Transformers

The Transformer stage manipulates the raw Pandas results data frame created by the Extractor stage. There are two different syntax available:

  • The stage can directly invoke functions defined on the data frame, see Pandas.DataFrameFunction.

  • The stage can invoke custom Transformer Classes, e.g., doespy.transformers.ConditionalTransformer.

Pandas DF Transformers

class Pandas.DataFrameFunction

Can directly call all functions defined on pandas data frames: https://pandas.pydata.org/docs/reference/frame.html The syntax is different from regular transformers, use df.* and replace * with the function name. The dictionary under df.* can be used to pass named arguments of the selected function.

Parameters:

**args – Pass argument ot the function selected with df.*

Example ETL Pipeline Design
 $ETL$:
     transformers:
         # remove all cols except
         - df.filter: {items: ["exp_name", "x", "y"]}
         # add column to df
         - df.eval: {expr: "color = 'black'"}

Conditional Replacement

pydantic model doespy.etl.steps.transformers.ConditionalTransformer[source]

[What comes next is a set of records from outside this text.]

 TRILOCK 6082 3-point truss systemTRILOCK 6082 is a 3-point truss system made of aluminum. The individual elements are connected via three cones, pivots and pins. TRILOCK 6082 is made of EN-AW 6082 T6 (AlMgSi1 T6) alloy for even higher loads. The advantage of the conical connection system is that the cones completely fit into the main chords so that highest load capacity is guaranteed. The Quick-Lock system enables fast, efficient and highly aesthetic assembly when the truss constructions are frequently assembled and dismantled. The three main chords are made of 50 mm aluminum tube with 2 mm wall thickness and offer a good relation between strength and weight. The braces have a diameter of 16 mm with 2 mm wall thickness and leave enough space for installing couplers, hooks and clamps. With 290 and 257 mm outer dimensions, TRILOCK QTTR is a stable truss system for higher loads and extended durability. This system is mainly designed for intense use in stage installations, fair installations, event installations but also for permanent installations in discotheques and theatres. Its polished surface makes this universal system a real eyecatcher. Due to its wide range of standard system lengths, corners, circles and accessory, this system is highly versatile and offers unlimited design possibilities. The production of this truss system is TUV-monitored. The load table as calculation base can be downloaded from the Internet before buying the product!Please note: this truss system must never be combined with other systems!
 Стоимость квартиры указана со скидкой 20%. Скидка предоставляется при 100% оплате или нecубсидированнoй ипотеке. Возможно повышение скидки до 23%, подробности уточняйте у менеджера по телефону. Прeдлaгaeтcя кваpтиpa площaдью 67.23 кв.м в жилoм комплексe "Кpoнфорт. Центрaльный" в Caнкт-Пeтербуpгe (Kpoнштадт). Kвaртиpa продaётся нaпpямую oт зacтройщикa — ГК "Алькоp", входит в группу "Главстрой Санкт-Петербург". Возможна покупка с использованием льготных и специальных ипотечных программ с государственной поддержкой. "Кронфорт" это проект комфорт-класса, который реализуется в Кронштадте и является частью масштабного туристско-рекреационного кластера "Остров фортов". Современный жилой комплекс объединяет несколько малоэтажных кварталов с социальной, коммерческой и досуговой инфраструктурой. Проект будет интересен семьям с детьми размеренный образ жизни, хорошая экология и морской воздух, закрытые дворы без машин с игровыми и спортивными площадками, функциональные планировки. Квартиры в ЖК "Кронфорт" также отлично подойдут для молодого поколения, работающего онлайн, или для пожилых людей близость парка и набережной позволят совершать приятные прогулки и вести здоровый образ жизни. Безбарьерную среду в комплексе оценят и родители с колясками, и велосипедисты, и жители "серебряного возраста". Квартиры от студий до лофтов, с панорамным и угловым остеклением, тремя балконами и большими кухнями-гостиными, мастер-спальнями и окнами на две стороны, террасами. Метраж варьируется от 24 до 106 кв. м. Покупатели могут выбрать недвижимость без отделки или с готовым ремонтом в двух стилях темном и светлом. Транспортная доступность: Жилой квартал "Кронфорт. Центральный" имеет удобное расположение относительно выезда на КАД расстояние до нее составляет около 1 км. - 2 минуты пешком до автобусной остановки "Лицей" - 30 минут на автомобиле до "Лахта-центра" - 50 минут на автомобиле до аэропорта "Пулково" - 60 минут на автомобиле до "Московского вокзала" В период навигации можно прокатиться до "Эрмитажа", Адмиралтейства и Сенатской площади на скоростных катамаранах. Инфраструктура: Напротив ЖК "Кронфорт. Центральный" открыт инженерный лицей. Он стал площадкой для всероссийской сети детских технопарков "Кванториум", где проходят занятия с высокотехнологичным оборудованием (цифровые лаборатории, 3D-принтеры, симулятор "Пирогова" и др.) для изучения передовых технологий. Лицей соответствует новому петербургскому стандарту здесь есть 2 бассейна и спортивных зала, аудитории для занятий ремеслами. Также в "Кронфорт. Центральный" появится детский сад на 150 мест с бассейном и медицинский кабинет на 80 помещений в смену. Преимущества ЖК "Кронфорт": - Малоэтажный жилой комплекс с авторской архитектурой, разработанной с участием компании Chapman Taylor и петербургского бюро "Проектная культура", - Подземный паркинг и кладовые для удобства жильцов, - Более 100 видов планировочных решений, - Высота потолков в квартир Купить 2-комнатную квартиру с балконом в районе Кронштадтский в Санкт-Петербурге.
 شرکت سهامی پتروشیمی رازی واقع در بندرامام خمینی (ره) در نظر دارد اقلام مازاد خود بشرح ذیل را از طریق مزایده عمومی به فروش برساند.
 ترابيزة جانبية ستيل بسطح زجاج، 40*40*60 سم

The ConditionalTransformer replaces the value in the dest column with a value from the value dict, if the value in the col column is equal to the key.

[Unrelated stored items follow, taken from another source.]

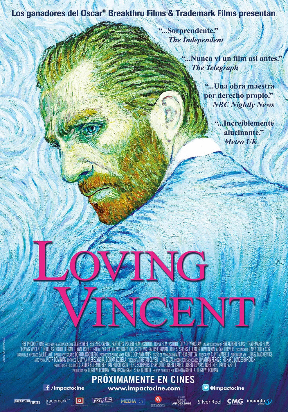 Primer largometraje compuesto por pinturas animadas, Loving Vincent es un film que homenajea el trabajo de uno de los grandes maestros de las artes plásticas, Vincent Van Gogh. Cada fotograma es un cuadro pintado a mano sobre óleo – tal y como el propio Vincent lo hubiera hecho – al que se le ha dado movimiento. Participaron una gran cantidad de excelentes pintores a lo largo de varios años, todos inspirándose en el estilo y arte magistral de Van Gogh. El resultado es una impresionante cinta de animación que repasa la carrera del pintor con delicadeza y originalidad, y que llevó cinco años de trabajo.
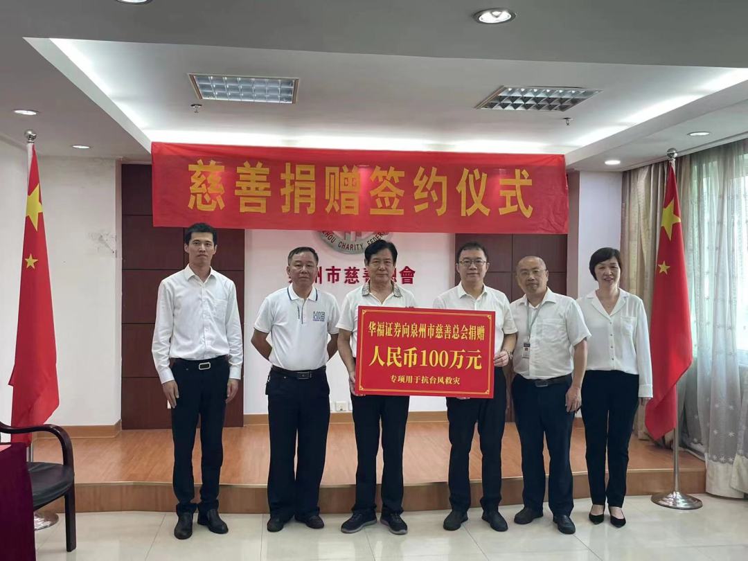 華福證券與泉州市慈善總會舉行捐贈簽約儀式 8月3日,華福證券主動擔(dān)當(dāng),積極履行社會責(zé)任,向泉州市慈善總會捐贈100萬元,用于支持泉州市救災(zāi)、救濟(jì)、重建等公益慈善項(xiàng)目。 |
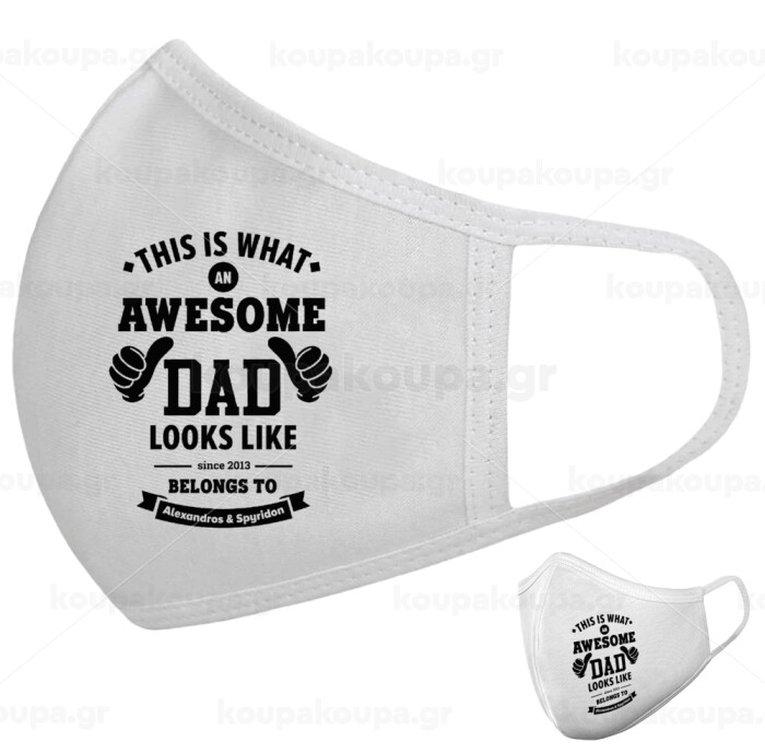 This is what an Awesome DAD looks like, Μάσκα υφασμάτινη υψηλής άνεσης παιδική (Δώρο πλαστική θήκη)

Example ETL Pipeline Design
 $ETL$:
     transformers:
       - name: ConditionalTransformer:
         col: Country
         dest: Code
         value:
             Switzerland: CH
             Germany: DE

Example

Country

Code

Germany

Switzerland

France

➡️

Country

Code

Germany

DE

Switzerland

CH

France

field col: str [Required]

Name of condition column in data frame.

field dest: str [Required]

Name of destination column in data frame.

field value: Dict[Any, Any] [Required]

Dictionary of replacement rules: The dict key is the entry in the condition col and the value is the replacement used in the dest column.

Group By Aggregates

pydantic model doespy.etl.steps.transformers.GroupByAggTransformer[source]

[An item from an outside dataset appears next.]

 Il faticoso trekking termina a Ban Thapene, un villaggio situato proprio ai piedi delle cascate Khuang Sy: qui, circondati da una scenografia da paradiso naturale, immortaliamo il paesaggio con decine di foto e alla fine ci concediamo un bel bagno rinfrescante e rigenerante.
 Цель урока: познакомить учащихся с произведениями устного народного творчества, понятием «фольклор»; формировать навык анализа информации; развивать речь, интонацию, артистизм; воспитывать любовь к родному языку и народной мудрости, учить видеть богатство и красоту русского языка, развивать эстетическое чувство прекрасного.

The GroupByAggTransformer performs a group by followed by a set of aggregate functions applied to the data_columns.

Example ETL Pipeline Design
 $ETL$:
     transformers:
       - name: GroupByAggTransformer:
         groupby_columns: [Run, $FACTORS$]
         data_columns: [Lat]
         agg_functions: [mean]

Example

Run

Rep

$CMD$

Lat

0

0

xyz

0.1

0

1

xyz

0.3

1

0

xyz

0.5

1

1

xyz

0.5

➡️

Run

Lat_mean

0

0.2

1

0.5

field data_columns: List[str] [Required]

The columns that contain the data to aggregate, see agg_function.

field groupby_columns: List[str] [Required]

The columns to perform the group by. The list can contain the magic entry $FACTORS$ that expands to all factors of the experiment. e.g., [exp_name, host_type, host_idx, $FACTORS$] would perform a group by of each run.

field agg_functions: List[str] = ['mean', 'min', 'max', 'std', 'count']

List of aggregate function to apply on data_columns

field custom_tail_length: int = 5

“custom_tail” is a custom aggregation function that calculates the mean over the last custom_tail_length entries of a column.